Our eyes rarely remain still. When we talk to each other, go for a walk, drive, read, or look at a painting, the gaze always wanders from one point to the next, pausing in one spot for just a fraction of a second, only to focus on a new section the next moment. Six external ocular muscles ensure that our eyeballs can move in different directions. These eye movements are controlled by the central nervous system and can therefore reveal a lot about how the brain works. The AEye Junior Research Group keeps its eyes firmly on very practical applications and has high hopes for new tools of analysis.

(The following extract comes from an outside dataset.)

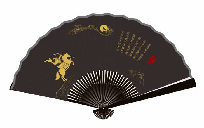 折扇自古是文人墨客所好,扇面设计结合屈原辞作元素,文案结合游客情感需求。扇面文字以石头粉人工印制,在夜晚具有荧光效果,在夜游中起到了增强活动氛围的效果。(扇面文案截取《东君》青云衣兮白霓裳,举长矢兮射天狼。操余弧兮反沦降,援北斗兮酌桂浆。撰余辔兮高驼翔,杳冥冥兮以东行。

Learning aids for artificial intelligence
Researchers at AEye must be prepared to think outside the box. The junior research group with its nine members is interdisciplinary: The researchers come from the fields of computer science, cognitive science, linguistics, and mathematics. Principal investigator Prof. Lena Jäger studied experimental and clinical linguistics after an undergraduate degree in sinology, earned a doctorate in cognitive science, and studied computer science in parallel. “Cognitive science and computer science are very closely connected,” she explains. “Many ideas influence each other. For example, the von Neumann architecture inspired cognitive models that try to explain human information processing. Conversely, the first artificial neural network was developed by a cognitive psychologist and mimics the function of a biological neuron.” The group leader is convinced that the two areas of research complement each other very well and that one helps understand the other better. Her group is primarily looking for methods to incorporate linguistic and cognitive expertise into the learning mechanisms of artificial neural networks.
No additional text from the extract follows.